• **INPUT FOR THIS TASK**:
....

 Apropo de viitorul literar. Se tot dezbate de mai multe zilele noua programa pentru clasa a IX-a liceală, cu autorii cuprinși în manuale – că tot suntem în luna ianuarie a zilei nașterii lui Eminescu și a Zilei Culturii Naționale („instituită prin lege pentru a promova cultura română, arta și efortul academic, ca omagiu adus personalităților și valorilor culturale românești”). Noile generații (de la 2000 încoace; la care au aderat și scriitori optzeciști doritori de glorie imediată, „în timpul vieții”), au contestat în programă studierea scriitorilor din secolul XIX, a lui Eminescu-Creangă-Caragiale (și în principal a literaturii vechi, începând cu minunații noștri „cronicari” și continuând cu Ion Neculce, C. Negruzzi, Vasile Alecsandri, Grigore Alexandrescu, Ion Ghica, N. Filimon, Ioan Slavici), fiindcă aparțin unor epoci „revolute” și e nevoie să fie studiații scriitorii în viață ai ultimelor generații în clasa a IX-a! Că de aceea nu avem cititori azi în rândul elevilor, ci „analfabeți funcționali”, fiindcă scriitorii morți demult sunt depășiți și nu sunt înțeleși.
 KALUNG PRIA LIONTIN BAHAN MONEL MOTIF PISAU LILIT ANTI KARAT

....

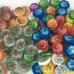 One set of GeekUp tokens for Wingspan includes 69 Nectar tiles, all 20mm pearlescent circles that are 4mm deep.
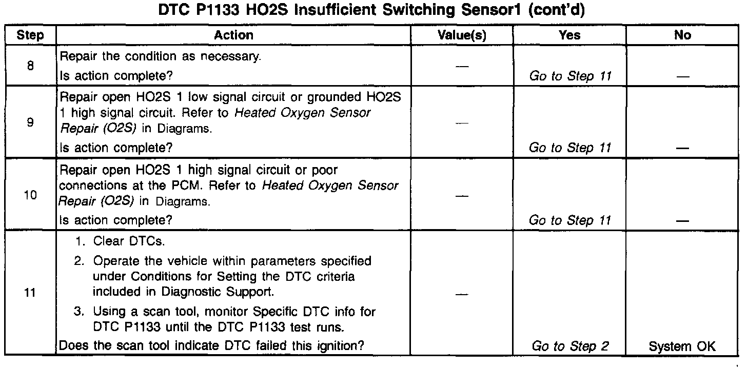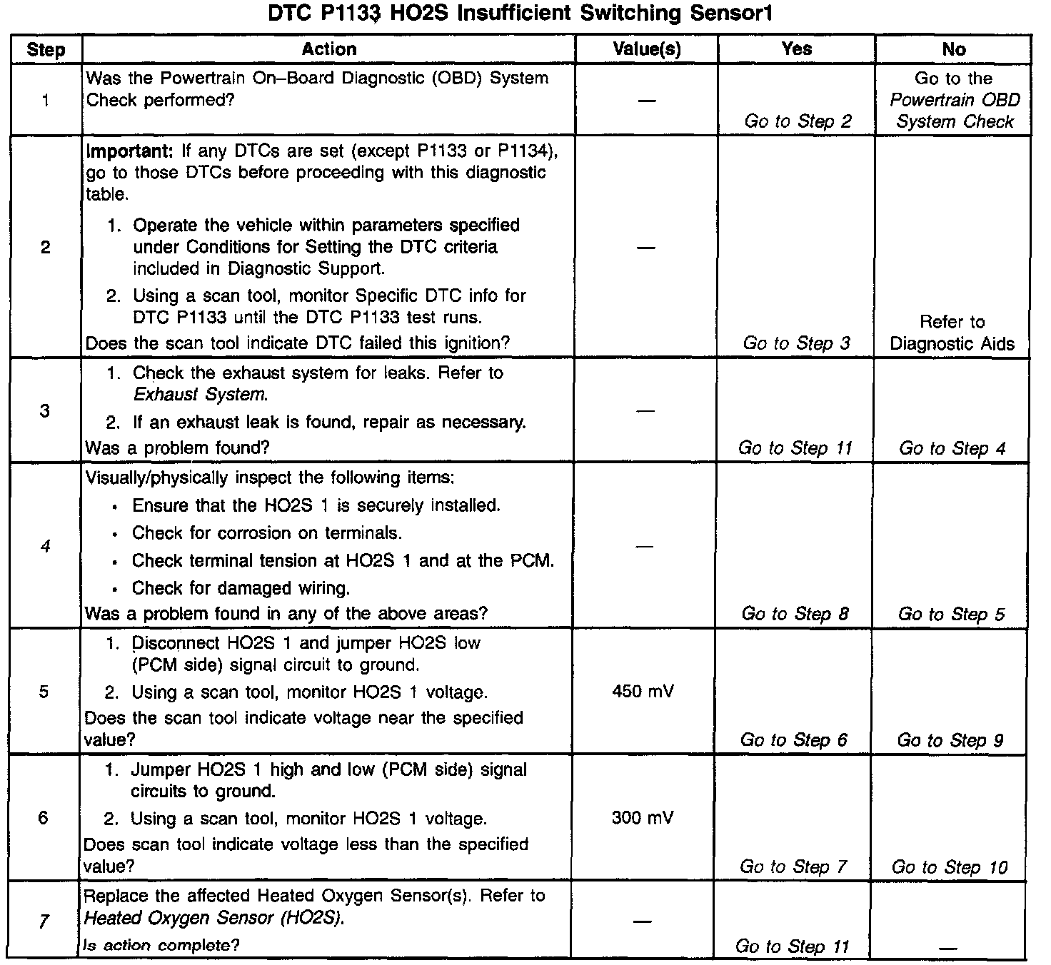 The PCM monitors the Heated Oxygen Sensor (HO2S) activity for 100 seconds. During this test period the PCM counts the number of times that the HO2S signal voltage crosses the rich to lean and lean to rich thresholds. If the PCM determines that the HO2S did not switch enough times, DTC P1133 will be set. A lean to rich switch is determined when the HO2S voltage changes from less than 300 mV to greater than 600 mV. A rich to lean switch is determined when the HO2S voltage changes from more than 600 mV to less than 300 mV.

....

Within the data above, the span starting at the line containing "Apropo de viitorul" and ending at the line containing "KALUNG PRIA LIONTIN" is to be retyped exactly, with no other lines.

 Apropo de viitorul literar. Se tot dezbate de mai multe zilele noua programa pentru clasa a IX-a liceală, cu autorii cuprinși în manuale – că tot suntem în luna ianuarie a zilei nașterii lui Eminescu și a Zilei Culturii Naționale („instituită prin lege pentru a promova cultura română, arta și efortul academic, ca omagiu adus personalităților și valorilor culturale românești”). Noile generații (de la 2000 încoace; la care au aderat și scriitori optzeciști doritori de glorie imediată, „în timpul vieții”), au contestat în programă studierea scriitorilor din secolul XIX, a lui Eminescu-Creangă-Caragiale (și în principal a literaturii vechi, începând cu minunații noștri „cronicari” și continuând cu Ion Neculce, C. Negruzzi, Vasile Alecsandri, Grigore Alexandrescu, Ion Ghica, N. Filimon, Ioan Slavici), fiindcă aparțin unor epoci „revolute” și e nevoie să fie studiații scriitorii în viață ai ultimelor generații în clasa a IX-a! Că de aceea nu avem cititori azi în rândul elevilor, ci „analfabeți funcționali”, fiindcă scriitorii morți demult sunt depășiți și nu sunt înțeleși.
 KALUNG PRIA LIONTIN BAHAN MONEL MOTIF PISAU LILIT ANTI KARAT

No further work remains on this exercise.